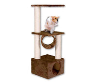 Die Platten und die Höhle sind mit Plüsch bezogen und bieten so bequeme Schlafplätze, während die Sisal-Kratzstämme für eine gute Möglichkeit zum Krallenschärfen sorgen. Die Röhre besteht komplett aus Plüsch.
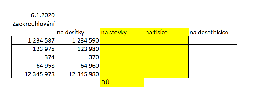 M - zaokrouhlování - pracovní list vlepený do sešitu, uč. str.9/cv.8 - dodělat doma.
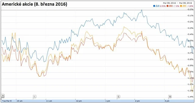 Spadla naopak cena akcií Citigroup (-3,66 %), a to poté, co její finanční ředitel John Gerspach řekl, že skupina očekává za první čtvrtletí letošního roku meziroční propad výnosů z aktivit investičního bankovnictví o 25 % a pokles výnosů z obchodování s pevně úročenými aktivy o 15 %. Gerspach se současně vyjádřil i k americkým úrokovým sazbám. Řekl, že Citigroup od Fedu stále čeká minimálně jedno zvýšení sazeb v letošním roce, a doplnil, že by byl velmi překvapený, pokud by centrální banka USA sazby místo zvýšení naopak srazila do záporu.
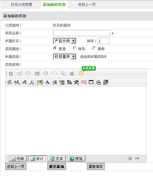 点击“添加新的类别”打开添加栏目窗口,如下图:
━━━━━━
Restate all of the material above word for word, excluding the pictures.

→ TASK OUTPUT
 Die Platten und die Höhle sind mit Plüsch bezogen und bieten so bequeme Schlafplätze, während die Sisal-Kratzstämme für eine gute Möglichkeit zum Krallenschärfen sorgen. Die Röhre besteht komplett aus Plüsch.
 M - zaokrouhlování - pracovní list vlepený do sešitu, uč. str.9/cv.8 - dodělat doma.
 Spadla naopak cena akcií Citigroup (-3,66 %), a to poté, co její finanční ředitel John Gerspach řekl, že skupina očekává za první čtvrtletí letošního roku meziroční propad výnosů z aktivit investičního bankovnictví o 25 % a pokles výnosů z obchodování s pevně úročenými aktivy o 15 %. Gerspach se současně vyjádřil i k americkým úrokovým sazbám. Řekl, že Citigroup od Fedu stále čeká minimálně jedno zvýšení sazeb v letošním roce, a doplnil, že by byl velmi překvapený, pokud by centrální banka USA sazby místo zvýšení naopak srazila do záporu.
 点击“添加新的类别”打开添加栏目窗口,如下图:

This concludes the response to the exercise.